Our classification function seems to work.

## Measuring the Accuracy of the Spam Filter
Now that we have a working spam filter, we'll apply it to our test set and measure its accuracy using

$$ \textrm{Accuracy} = \frac{\textrm{number of correctly classified messages}}{\textrm{total number of classified messages}} $$

To make things easier, we'll create a new column in `test_set`, named `predicted`, that will show the results of our classification function for each message in the data set. Then, we'll count the number of correctly classified messages and apply it to the equation above.

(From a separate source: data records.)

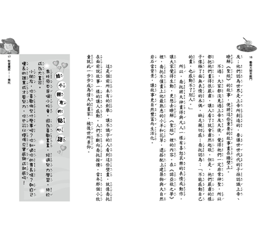 這本書記錄著三十位西方視覺藝術家的有趣小故事,希望小讀者們能透過文字的分享,體會到藝術與生活的緊密相連,更能欣賞這個美麗的世界。
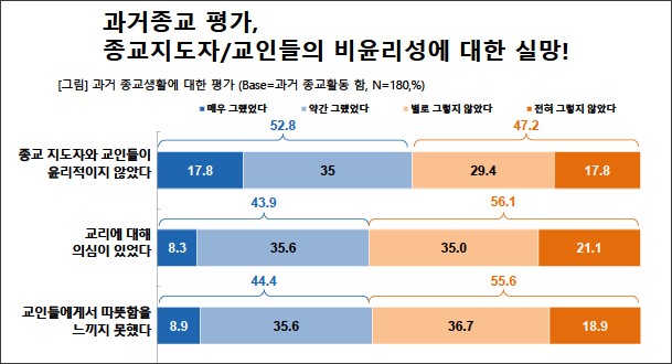 무엇보다 이단 신자들의 52.8%는 과거 종교 지도자와 교인들의 비윤리성에 대해 큰 실망을 한 것으로 파악됐다.
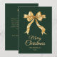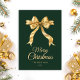 Christmas Bow Elegant Minimalist Green Gold Holiday Card
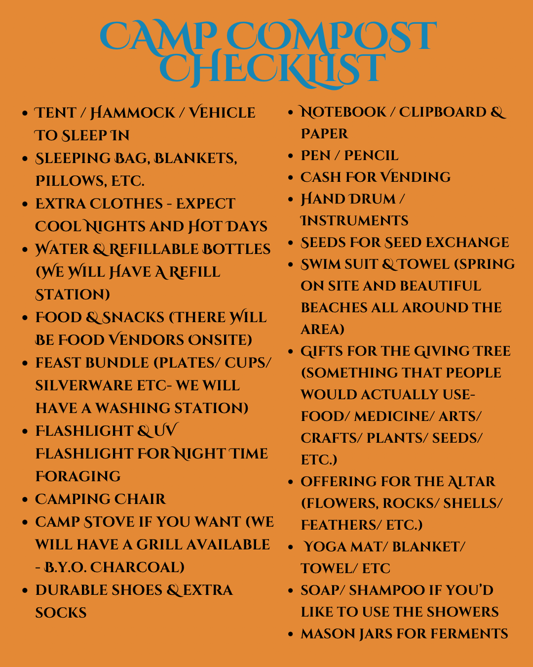 If you have any other questions, feel free to reach out to campcompost@gmail.com before the event or check in with staff at the front gate when you arrive. We can’t wait to welcome you to Camp Compost!
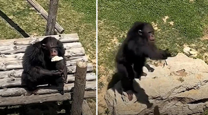 사육사가 빨리 신발을 던져 달라고 하자 침팬지는 난간 쪽으로 더 가까이 다가오더니 사람들이 있는 곳으로 신발을 던져 주었다.
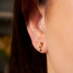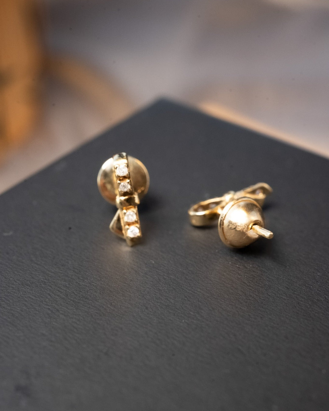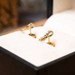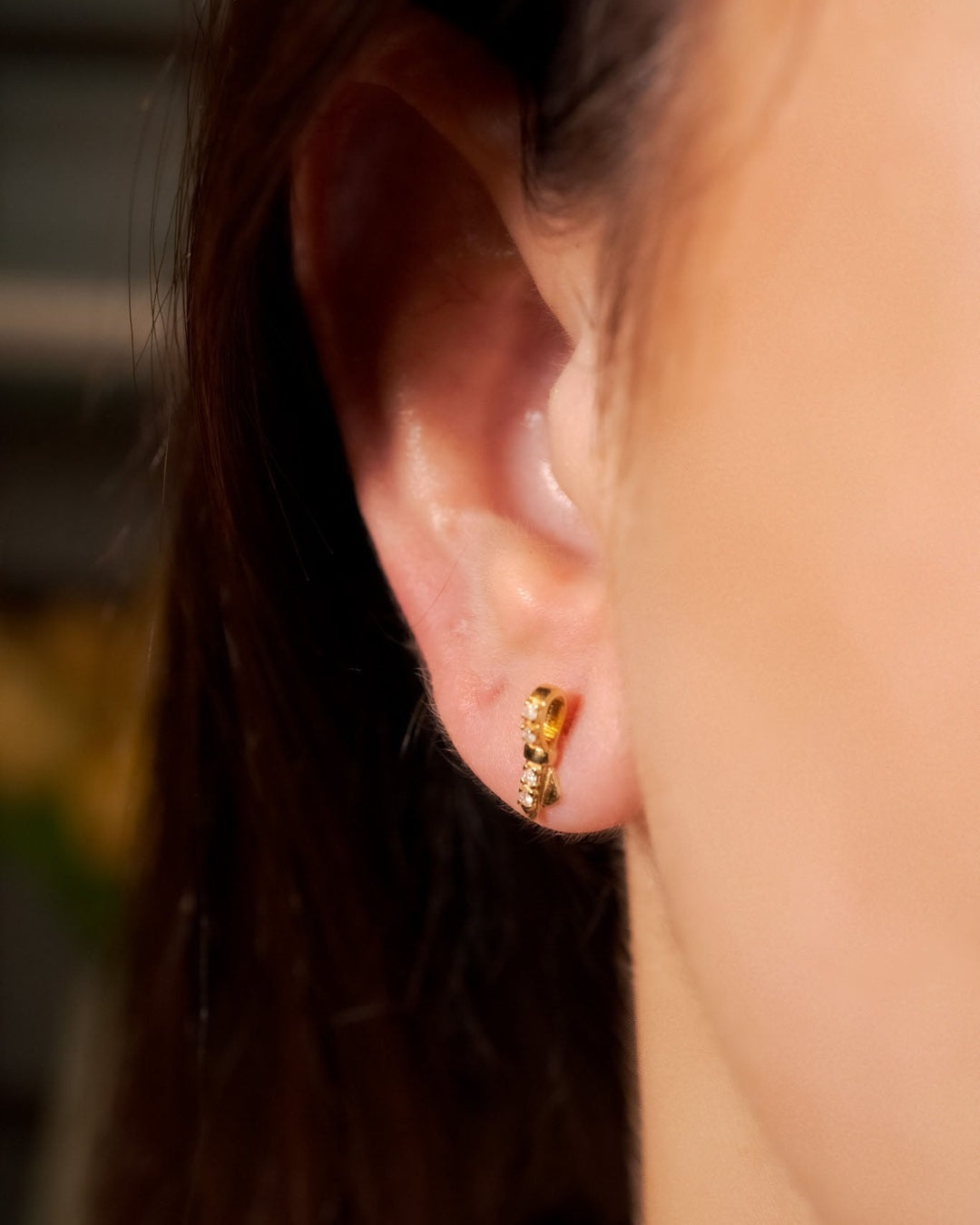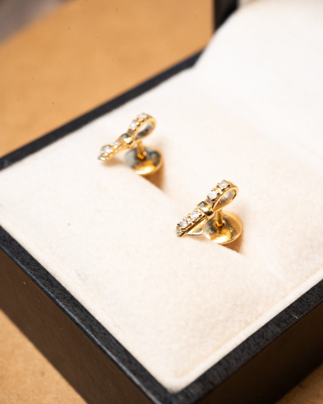 Brinco lacinho Vivara de ouro amarelo com diamantes. Medidas 1.0cm x 0.3cm e peso 1.4g.

To apply our function to the test set, we'll need to alter the function so that it returns the labels instead of printing them.

In [24]:
def classify_test_set(message):
    '''This function will classify an input message as either
    spam or not spam.'''
    # clean the message and transform it into a list of words
    message = re.sub(r'\W', ' ', message)
    message = message.lower().split()

    # initiate probabilities
    p_spam_given_message = p_spam
    p_ham_given_message = p_ham
    
    # iterate over each word in the message and calculate probability value
    for word in message:
        if word in param_spam:
            p_spam_given_message *= param_spam[word]
        if word in param_ham:
            p_ham_given_message *= param_ham[word]
    
    # classify the message
    if p_ham_given_message > p_spam_given_message:
        return 'ham'
    elif p_ham_given_message < p_spam_given_message:
        return 'spam'
    else:
        return 'need human classification'

Apply the function to the test set and create the new column.

In [25]:
test_set['predicted'] = test_set['SMS'].apply(classify_test_set)

In [26]:
test_set.head()

Unnamed: 0,Label,SMS,predicted
0,ham,Later i guess. I needa do mcat study too.,ham
1,ham,But i haf enuff space got like 4 mb...,ham
2,spam,Had your mobile 10 mths? Update to latest Oran...,spam
3,ham,All sounds good. Fingers . Makes it difficult ...,ham
4,ham,"All done, all handed in. Don't know if mega sh...",ham


Now, we'll count the number of correctly classified messages and calculate our function's accuracy.

In [27]:
correct = 0
total = test_set.shape[0]

# count correct classifications
for index, row in test_set.iterrows():
    if row[0] == row[2]:
        correct += 1
        
# calculate the accuracy
accuracy = correct / total

print('Correct: {}'.format(correct))
print('Incorrect: {}'.format(total - correct))
print('Accuracy: {}'.format(accuracy))

Correct: 1078
Incorrect: 36
Accuracy: 0.9676840215439856


The classification function that we created is accurate about 96.8% of the time. Out of 1,114 new messages, our filter was able to correctly classify 1,078 of them.

## Conclusions
Recall that our goal for this project was to create a spam filter using the multinomial Naive Bayes algorithm with at least 80% accuracy. We managed to create a spam filter with an accuracy of 96.77% on the test set, which greatly exceeds our initial standard of 80% accuracy. To further improve our spam filter, we can:
* Investigate the 36 incorrectly classified messages and figure out why the algorithm reached the wrong conclusions.
* Make the filtering process more complex by making the algorithm case-sensitive.